There are a number of services which do paging like this, but note that offsets don’t work very well for paging when Nodes are often being added and deleted, since the offsets associated with specific Nodes can change. Paging is another area in which our standards are still under development.
Finally, in order to allow clients to cache the responses they receive we provide a way for the service to let the client know when cached URL responses are no longer valid.
This involves the use of IMQ, IMVU’s proprietary system for efficiently pushing data to clients in real time. In our case, the data is simply a notification that an earlier response to a particular URL is no longer valid. We’ll go into detail on IMQ and how it works in a future post.

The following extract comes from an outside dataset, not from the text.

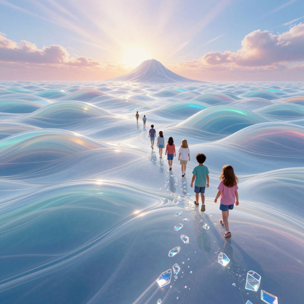 In a surreal digital artwork rendered in vibrant hues, children traverse a fantastical landscape of rolling, translucent waves composed of liquid glass, their footprints crystallizing into shimmering trails as they journey toward a distant peak under a radiant sky.

Most endpoints do not provide invalidation. IMVU product information, for example, doesn’t change often enough to make the overhead associated with invalidation worthwhile.
When invalidation is available, the response to an endpoint will include a member called “updates”, which provides the information necessary to subscribe to the appropriate IMQ queue. Here is a response to a GET of a particular enrollment Edge
(/student/student-513312/schedule/01):
{
{
"data": {
"tardies": 1,
},
"relations": {
"ref": "/course/course-1035",
}
"updates": "imq://inv.student.student-513312"
}
}
Invalidations for different endpoints come in on different queues, and it is the server’s prerogative to choose the queue for each endpoint.
Currently, for the endpoints which support invalidation, we have one queue per Node. Invalidations for the Node come in on this queue, but the same queue also provides invalidations for the Node’s Edge Groups and Edges. This design allows us to achieve a balance between the number of queues we create and the number of subscribers to each queue.
In the example above, only clients that have an active interest in Student 513312 will be subscribed to this queue. With this mechanism, if someone POSTs a change to the number of tardies, every client which has this record cached will receive a notification. If the number of tardies is displayed on the screen, it can be updated immediately.
Note that under this scheme, there can be no queue associated with a Node Group. Such a queue would be used to notify all clients that, for example, a new Student Node had been added. To be useful, however, every client application would need to subscribe to the queue, and IMQ is not built to support such a large number of subscribers. There are solutions to this problem, but for the moment we do not support invalidation for Node Groups.
The discipline of REST and the specific uniform contract IMVU has adopted give us the power and flexibility to quickly create, enhance and share back end services. The principles behind REST (and especially the principles of uniform contract, HATEAOS and separation of concerns) provide us with a solid framework as we continue to complete and codify our standards.
We’ll keep you up to date as things develop.